Two tools, GeneMANIA (Donnelly Centre for Cellular and Biomolecular Research, Toronto, Ontario) and IPA, can be used for network analysis of inputted genes that have shown to interact with other molecules. GeneMANIA incorporates a linear-regression algorithm. This algorithm is used to calculate a functional association network of inputted genes with other genes that are known to interact with the input genes; GeneMANIA uses this algorithm to predict gene function144. To complement GeneMANIA results, IPA can be used to further identify interacting networks. IPA has been successfully used by various researchers to examine networks of interacting genes that may play a role in a variety of diseases and disorders including FASD94,145–

148

. IPA links genes and molecules by interactions, which are based on current knowledge from records maintained in the Ingenuity Pathways Knowledge Base. Highly-interconnected networks are likely to represent significant biological function149,150. In IPA, each network is limited to ~35 genes, by the algorithm. A p-score, which is derived from a p-value, is calculated using Fisher’s exact test. This score is assigned to each network, and is simply a measure of the number of focus genes in a network (user-specified genes)151. Another way to define the score is, the likelihood that the focus gene within the network was found by random chance152. A high number of focus genes leads to a higher network score. The network score is equal to the negative exponent of the respective p-value such that a score of 3 corresponds to a p-value of 10E-3153. Therefore, a network is considered significant with a p-score > 2. The combination of results from the DEG list, along with the functional, pathway, and network analyses, will give insight into FASD-relevant genes.

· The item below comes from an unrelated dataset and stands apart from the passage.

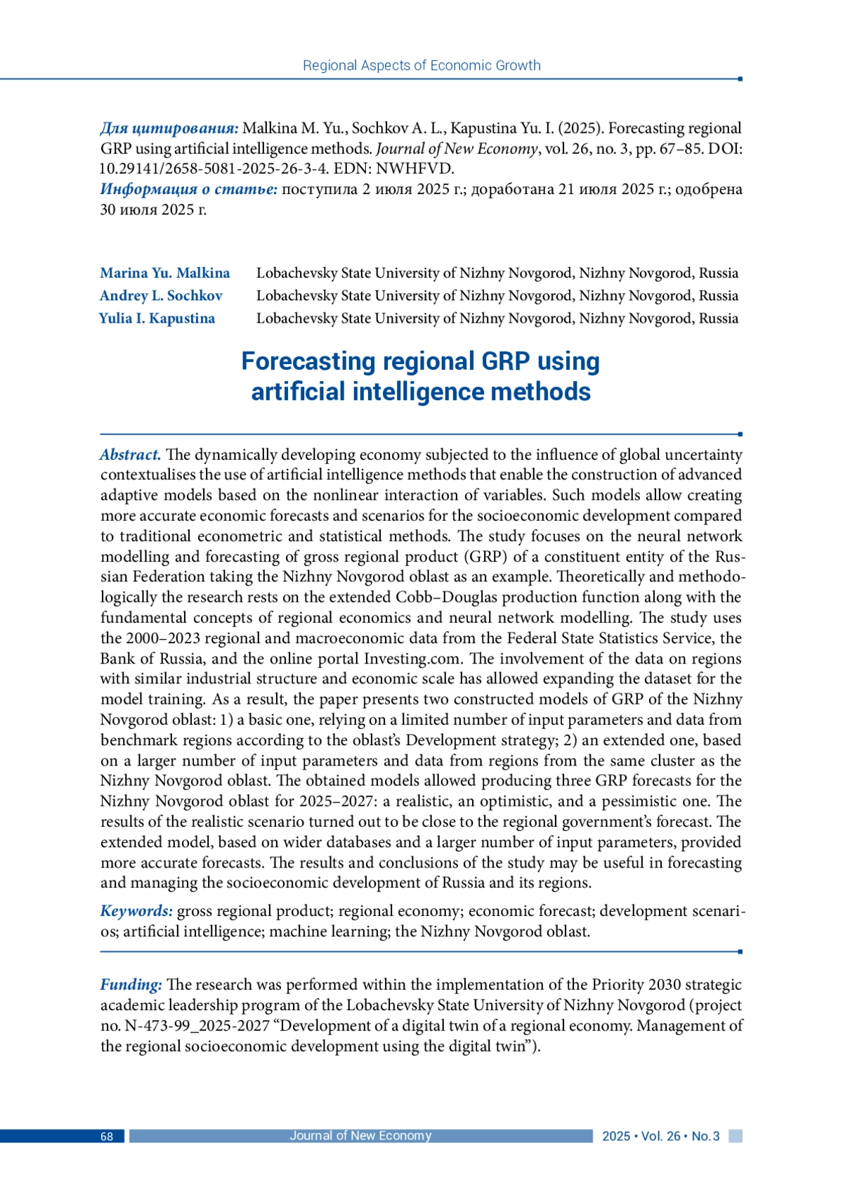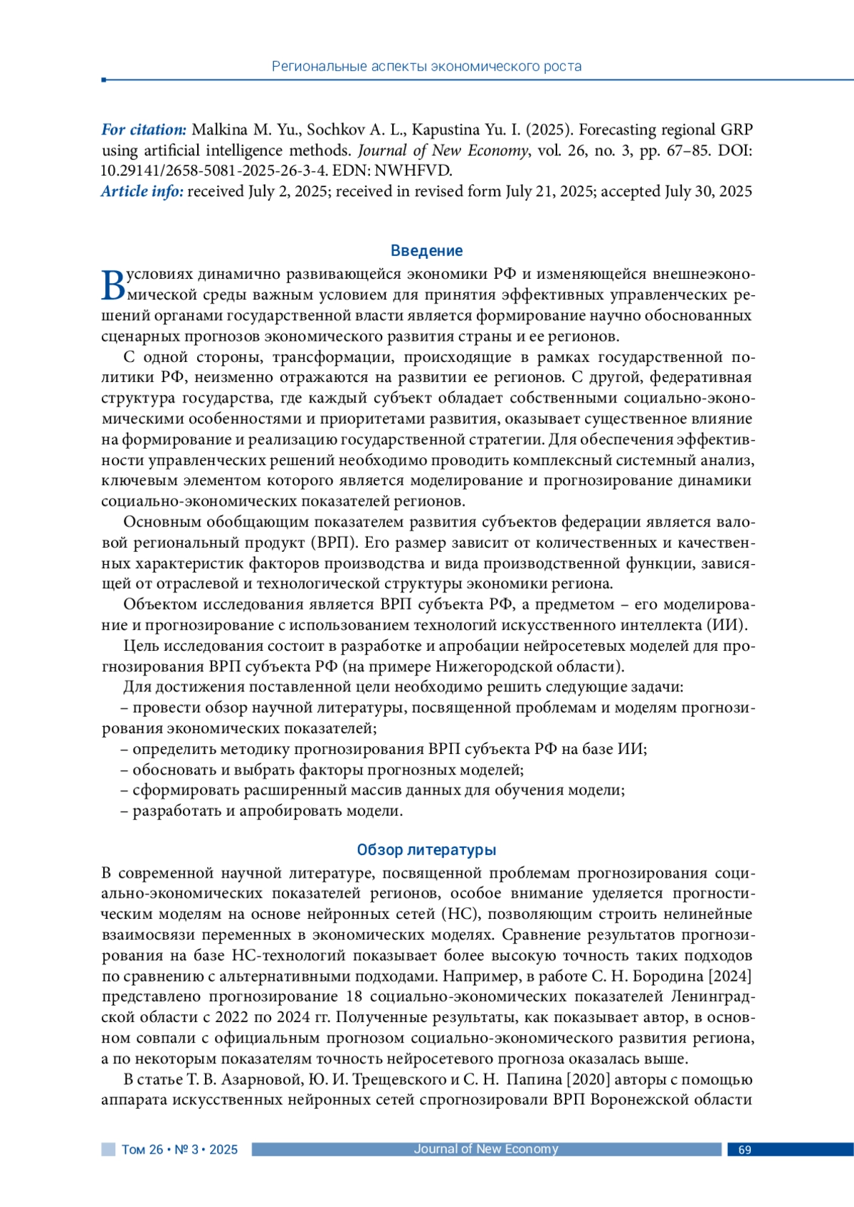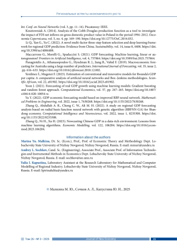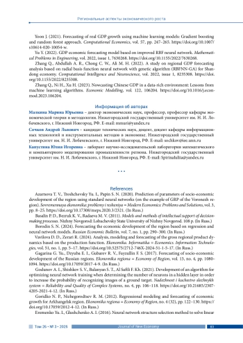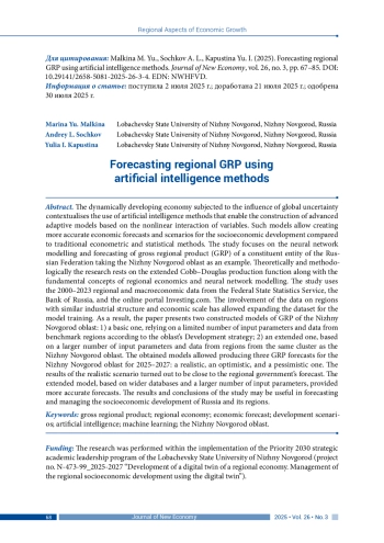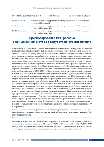 МАЛКИНА М. Ю., СОЧКОВ А. Л., КАПУСТИНА Ю. И. ПРОГНОЗИРОВАНИЕ ВРП РЕГИОНА С ПРИМЕНЕНИЕМ МЕТОДОВ ИСКУССТВЕННОГО ИНТЕЛЛЕКТА // JOURNAL OF NEW ECONOMY. 2025. Т. 26 № 3

For a gene to be determined relevant to FASD-related phenotypes, it must be differentially-expressed on the microarray. Also, the gene must be implicated in neurodevelopment or behaviour, implicated in a top pathway or network, or involved in an inverse relationship with a differentially-expressed microRNA (miRNA). If the gene is classified as a central “hub” molecule in one of the top three networks, it may also be worthy of investigation. For the purpose of this study, a “hub” is defined as a molecule that appears in a top IPA network with strong intramodule connectivity to all other genes in the same module (analogous to the definition of a “hub” node in protein-protein interaction networks); a hub does not necessarily need to be altered, itself154. Previous studies have defined “hubs” as nodes with connectivity greater than five molecules155–157. In my thesis, a hub is restricted to a minimum of 10 interactions in order to provide a stringent analysis. A hub molecule is linked to dysregulated gene(s), which suggests that there are common mechanisms associated with neurodevelopmental ethanol exposure. The hub genes identified in this thesis are based on the number of interactions in the network158.